Vous permettez au Funambule : agréable dîner d’une famille en composition

Dans un comique de boulevard sans prétention, Vous permettez nous plonge dans un vrai-faux dîner de famille où quiproquos, non-dits et révélations s’enchaînent. Une joute verbale bien menée et distrayante, jusqu’au 1er février 2026 au Théâtre du Funambule Montmartre.

La table du restaurant est ordonnée. Les verres à pied sont disposés, de l’eau est servie et une bouteille de vin rouge attend sagement les convives. « On vous attendait », lancent Richard (Xavier Thiam) et Maureen (Pénélope Perdereau) à Paulo et Laura (Salomé Mandelli et Julien Héteau). Les deux couples ne se connaissent pas encore. Pourtant ils sont intimement liés : leurs enfants « se fréquentent depuis deux ans ».

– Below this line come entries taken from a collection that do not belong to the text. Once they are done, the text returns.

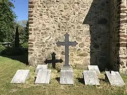 An der Südseite des Kirchturms sind mehrere Grabmäler derer von Manteuffel.
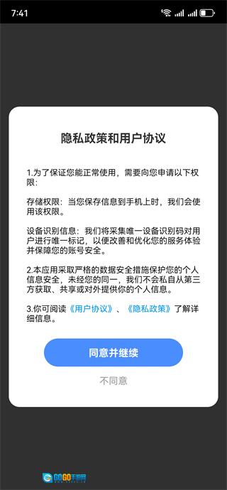 首次启动时,需要阅读并同意用户协议和隐私政策,点击确认按钮后即可进入主界面。
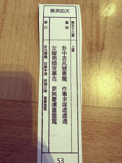 媽祖靈簽第五十五簽,簽文為:“‘掌上明珠渾似月,高樓嬌女宛如花,有緣相逢成兩姓,望重家門更顯華’。”此簽詩說明,有緣人將遇到貴人,逢兇化吉。
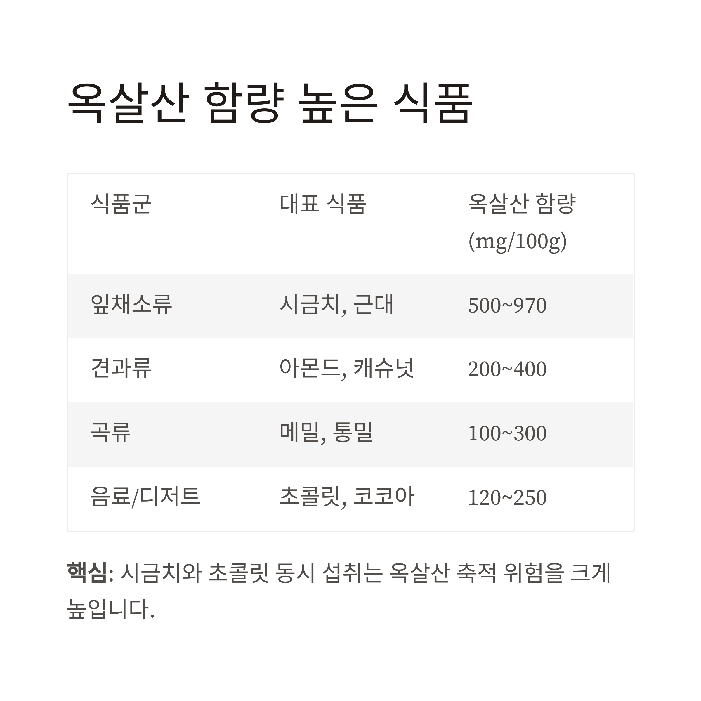 핵심: 시금치와 초콜릿을 동시에 섭취하는 것은 옥살산 축적 위험을 크게 높이는 조합입니다.
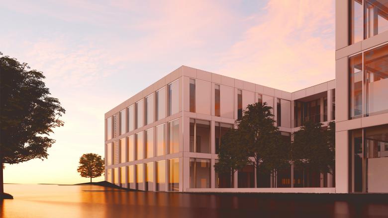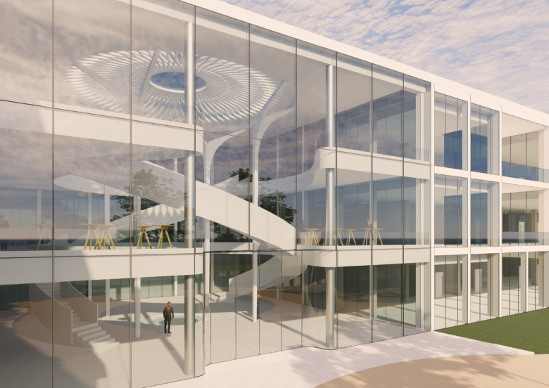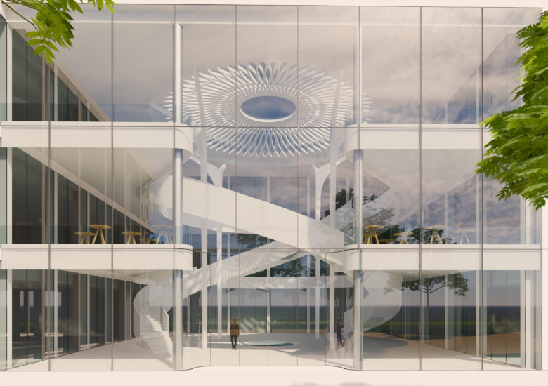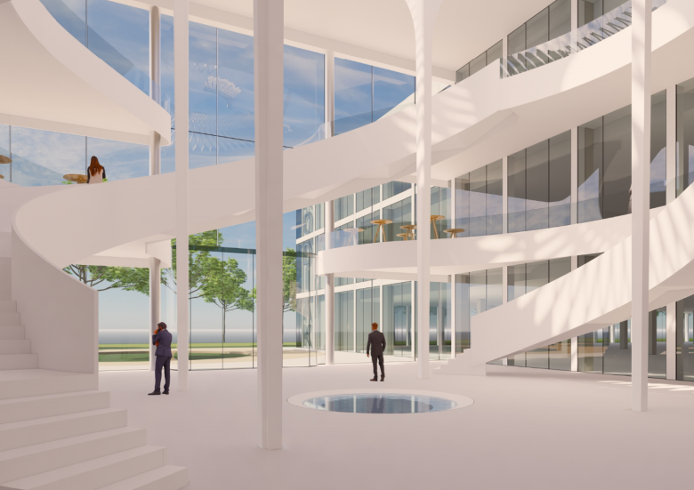 Die Labore, Verwaltung sowie der Co-Working Bereich richten sich zu einem gedeckten Atrium und geöffneten Innenhof zum grossen Park, über welchen gepflegte Fahrrad- und Fusswege, das Gebäude mit der Stadt, dem Bahnhof und den öffentlichen Bereichen verbindet.

Stupéfaction chez Richard et Maureen. « Elle ne nous avait rien dit ». Les verres se remplissent, le désordre apparaît. Dans cette confrontation entre deux couples que tout oppose – l’un chirurgien-dentiste rigoureux et mère au foyer, l’autre professeure de français et informaticien peu consciencieux -, les dissensions sont servies froides autour de la table.

Piques appuyées ou sous-entendus vaguement masqués, Vous permettez nous embarque dans un dîner de famille en composition. Les deux couples représentent à leur manière un archétype. Richard et Maureen sont des quinquagénaires qui ont réussi ; bourgeois et fiers de l’être. Paulo et Laura, quant à eux, représentent ce jeune couple quelque peu branché car déconnecté et aux moeurs libres : une femme forte qui travaille et qui se permet avec un malin plaisir de contredire son compagnon en public ; un homme où le laisser-aller est affiché comme une réussite.

Opposition, transition, digestion

Dans une construction extrêmement classique, Manon Rony, auteure de la pièce et de la mise en scène, parie avant tout sur le dynamisme de ses acteurs pour porter cette comédie (1h15). Le registre du quiproquo, à l’instar d’un Dîner de Cons ou d’un Prénom, est usé jusqu’à la corde par Vous permettez.

Sans être à la hauteur de ses modèles, Manon Rony et sa troupe parviennent à nous faire passer un moment agréable. Le ton oscille subtilement entre une précaution de façade permettant aux personnages de cacher leurs véritables sentiments, et une construction en cascade qui brise successivement la quiétude artificielle de ce dîner superficiel.

Les personnages caricaturaux reprennent tous les défauts que nous pouvons nous mêmes repérer dans notre entourage. Cette ambiance familiale propre aux grandes confessions comme aux pâles dénonciations, renforce l’immersion du public dans cette histoire quelque peu cousue de fil blanc.

Vous permettez ne brille pas par son audace ni son ambition scénique. Cependant, l’unité de temps et de lieu choisies, posent un décor familier qui nous fait suivre avec un certain plaisir, ce dîner de famille gentiment sanguinaire.

Le comique fait véritablement mouche lorsque l’absurde frappe à la porte du discours des personnages. Le passage sur la vision de la femme du point de vue des Schtroumpfs par Julien Héteau (également codirecteur du Funambule), est ainsi particulièrement efficace.

Au restaurant, théâtre de l’action, les meilleurs plats sont parfois ceux que l’on ne pense pas commander…

Et avec cela, vous prendrez un dessert ? Vous permettez, je vous invite.

Gabriel Moser.

Jusqu’au 1er février 2026. Du mercredi au samedi, 19h ou 21h. Dimanche à 18h.

Théâtre du Funambule Montmartre, 53 rue des Saules, 75018 Paris.